His opponents were moving slowly in the darkness. Waiting for him to come to them. Sutter was gambling that Traverse would be impatient.

But there really was work to do.

Stomping down the damaged hallway and finding the stairs, he stopped suddenly when a group of rotted corpses waited on a landing. Creatures that had been made by his video, demonic creatures with black orbs where the eyes should be, their lust for violence awakened easily; otherwise, they slumbered. They dreamt in the darkness, and of what, Traverse did not know.

Instead of opening up on them at full auto, he charged into the trio of dead people and tossed it over the stairs onto the next floor. The bodies crumpled over the stairs below, their dead bodies fleshless, light, easy to throw over the edge.

Gunfire pounded the dark below.

One rotten corpse left to throw over. He dropped the M16, grabbed both forearms, and drove the zombie forward and used it as a shield.
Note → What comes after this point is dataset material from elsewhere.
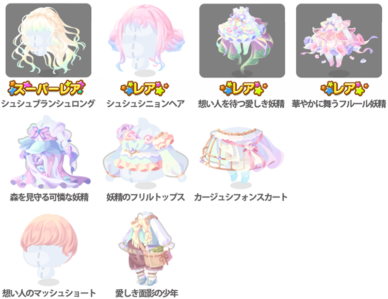 ★シュシュブランシュロング ☆シュシュシニョンヘア ☆想い人を待つ愛しき妖精(アクション付きfアイテム) ☆華やかに舞うフルール妖精(アクション付きfアイテム) 森を見守る可憐な妖精 妖精のフリルトップス カージュシフォンスカート 想い人のマッシュショート 愛しき面影の少年

Nearly sliding down the concrete steps, Jim dropped the shield and dove toward the next landing. He caught himself, rolled against the wall, lay on his side, and drew the 9mm in quick, fluid movements.

Target.
Pop!
Target.
Pop!
Target.
Pop!

Another. Another.

Another.

Until nobody was left standing.

“Jim? Is that you?”

“Yes.”

“Goddammit. Can I at least have my guns back?”

“Yes.”

“Why do you have to be so difficult? You usually gloat, don’t you? I heard your speech earlier to that poor girl. Why don’t you read poetry to me? Tell me a bedtime story. Come on, Jim. Please?”
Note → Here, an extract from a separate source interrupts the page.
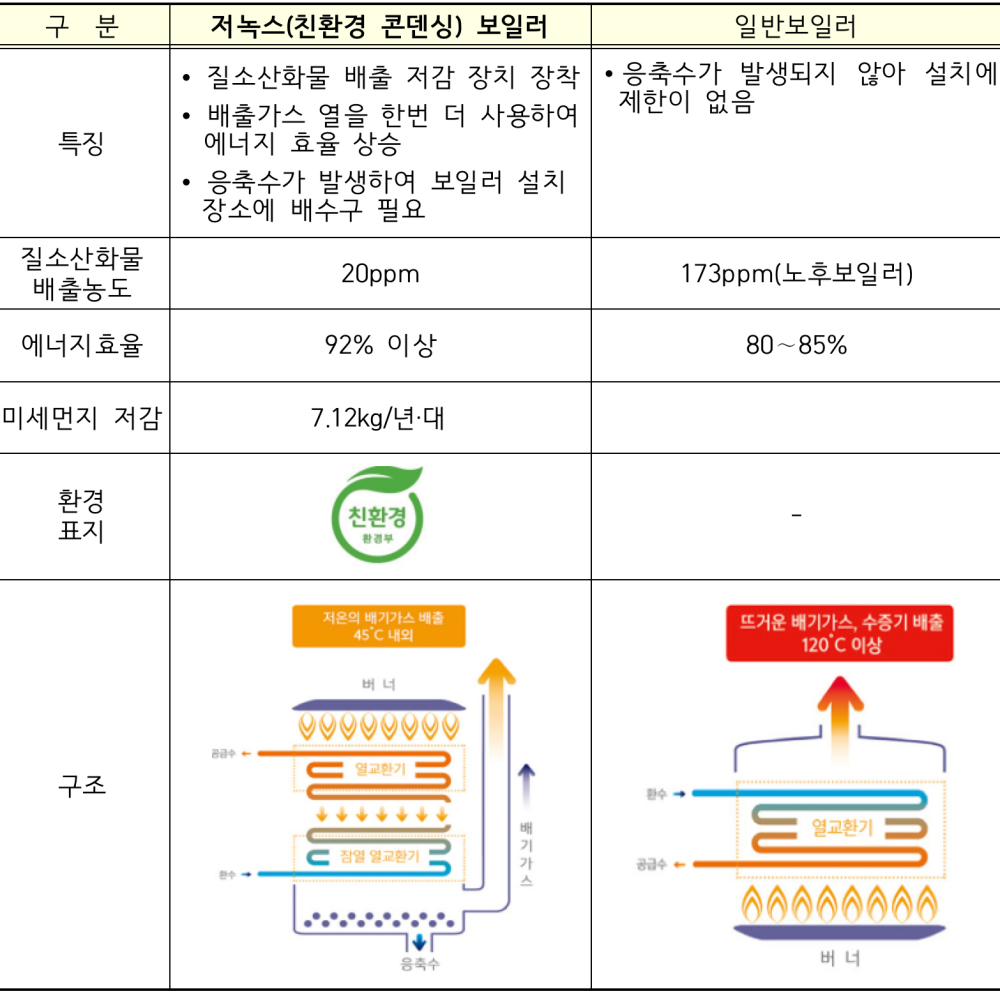저녹스 보일러는 일반 보일러보다 에너지 효율이 높아 난방비가 절약될 뿐 아니라, 초미세먼지(PM-2.5) 생성의 주요 원인물질인 질소산화물 배출량을 약 79%까지 저감시킬 수 있는 친환경 보일러이다.

He backtracked, pleased with his body’s performance. The spoils of war belonged to him. Sutter would bring more men. The fight wasn’t over.

Time was running out.

“Oh Jiiiiiiiiiiiiiiii-iiiiiiiiiiiiiim. Why don’t you come out here? That place is too big to smoke you out. Why do you have to be so difficult? Let’s get this over with, and we can both go about our business killing people for fun.”

Quickly, too quickly, the action was over. Did it happen at all? There was no adrenaline rush, no desire to keep fighting. There was nothing.

He pulled Linda into his arms, set her down on a table, and used his trepan kit on her brain after pulling back her scalp. Sutter remained outside, his taunts nothing more than an added note of chaotic music accompanying Linda’s screams.

 

MINA

 

 

 

 

 

It was better here, down in the dark, away from all the hurt. Mina cared about all the people who had died because of her afflicted mind. She cared that some of them could love or feel. Cared that some of them could have families. Cared that some of them could live as she had not been able to live. No need to be selfish; she had the power to hurt, and the power to do nothing.

Her mind was no longer jumping into other dead bodies. Maybe she could live forever, but she didn’t have to see the world crumble.

It’s not so easy,
the demon said to her.
You know I won’t let you hide. Not when we can do so much together.

Mina didn’t want to do anything.

You want your questions answered.

No, she didn’t.

Your mind is not yours alone. Your soul is not yours alone.

Mina was sitting in Eloise Fields again. In a blue gown in a sterile room, a television monitor hanging from the ceiling in a corner; one of those shows where doctors had melodramatic relationships with one another while arguing about the morality of the non-existent Hippocratic Oath, and once in a while, they would be trying to save someone’s life in a pulse-pounding surgery scene. Nothing else in the room besides a round table, four plastic chairs, and the muted television.

Her long red hair. She missed it. It was clean and smelled like the cheap shampoo they let her use at Eloise Fields.

“What do you think?”

Gillette aftershave, Marlboro cigarettes, slicked hair thinning over his scalp, brown sports jacket, jeans. Stomach just pushing against his waistline. Leaning back in his chair, even though he wasn’t sitting there a moment ago.

She tried to think of something to say.

“Well?”

“Patrick,” she said.

“Do I get an apology or what?”

“Um.”

“At least tell me why.”

“Wait. You’re not Patrick. I ate Patrick.”

“You did. You ate me. And here we are.”

“You’re not in Hell. I’m not in Hell. I don’t think so, I mean. I think I loved you, but I didn’t love you. I loved Patrick for a little while, but not you. I think I loved
him
.”

“I am Patrick.”

“No. You’re the voice inside my head.”

He crossed one leg over the opposite thigh and tapped the cigarette against his shoe.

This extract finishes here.